少女地獄 (角川文庫)
少女地獄 (角川文庫) / 感想・レビュー
ヴェネツィア
この作品は構成、文体ともに所謂、戦前期の「探偵小説」なるものであろう。もちろん、だからといってここに探偵が登場してくるわけではないが。作品集『少女地獄』の中では、巻頭の「何んでも無い」が読み物として一番面白いが、読む前の期待を満たしたかというと、やや拍子抜けの感も否めなかった。
2012/02/21
ehirano1
おそるおそる夢野久作の作品に手を出してみました(ちなみにドグラマグラで地獄に落とされたくちですwww)。地獄を書かせるとまあ彼の右に出るのは相当困難。必殺の「書簡体小説」から編み出される独特の読後感には普通とは違う溜息が出ます。しかし驚いたのは、実は書かれていることは至ってシンプル、そう、人間の内在的理論なんです。例えば、「何んでも無い」では他人の評価に固執し過ぎてしまうとその行き着く先は・・・などで大変興味深いです。その意味で、ドグラマグラには沢山の発見が埋まってそうで、再挑戦の意欲が湧いてきました。
2022/12/11
(C17H26O4)
騙されたかったのでしょう?騙されたくて騙されていたんじゃないの。甘美だったでしょう?少女ってね、怖いのよ。大人の女もね。かつては少女だったのだもの。騙す少女のなんてあわれで美しいこと。でもね、特権なの。少女地獄とは少女の陥った地獄とも読めるが、わたしはそうよりも、(蟻地獄のように)少女のつくった地獄に他者が陥ったように読んだ。
2020/12/05
ナマアタタカイカタタタキキ
その圧倒的な文章の密度には感服させられるばかり。
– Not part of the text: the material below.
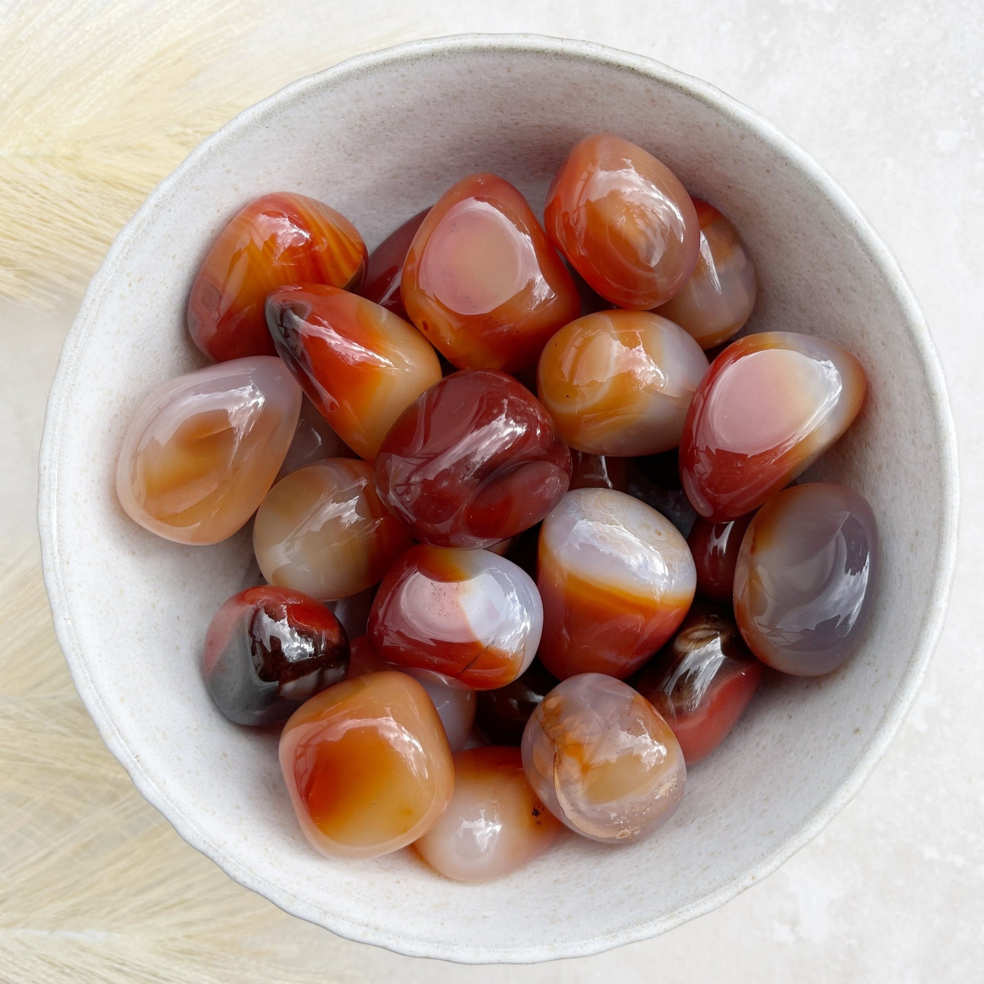 Carnelian is a stone that brings warmth. It is an invigorating stone to the mind and body, it has strong energy and therefore has many attributes, such as vitality, courage, confidence and motivation. It can aid during times of health issues such as illness or injury restoring vitality, it promotes business success and success in other parts of life journey by aiding in creativity and passion. Carnelian is a stone of action and can help us build courage to complete goals when we put our mind to it.

これは一字一句落とさず読まねばならないぞ、と、気付けば血眼で文字を追っている。故にあまり気楽な読書にはならなかった──空想、虚構、隠蔽、瞞着、色んな形状の“真ではないもの”が組み込まれている、珠玉の短編集。精密鋳造のように寸分の狂いもない見事な虚偽(明かされてしまう以上それは言い過ぎかもしれない)を目の当たりにした時、人は屡々感動してしまうことすらある。尤も、心を奪われるのは、完全無欠な構造の神殿の如きそれが、大きな音を立てて崩れる、その瞬間かもしれないが。
2020/05/06
Tsuyoshi
表題作を含め3編。特に最後の「火星の女」がよかった。幼少から身体的特徴をネタに苛められ空虚感に満ちていた主人公の少女が聖職者と敬慕された校長の薄汚い本性を知ってしまい凶行に及ぶ話で、最後まで何とか信じようとする少女の純真さが不憫でしょうがないだけに少女の気持ちを踏みにじった校長においては激しく憤りを覚えた。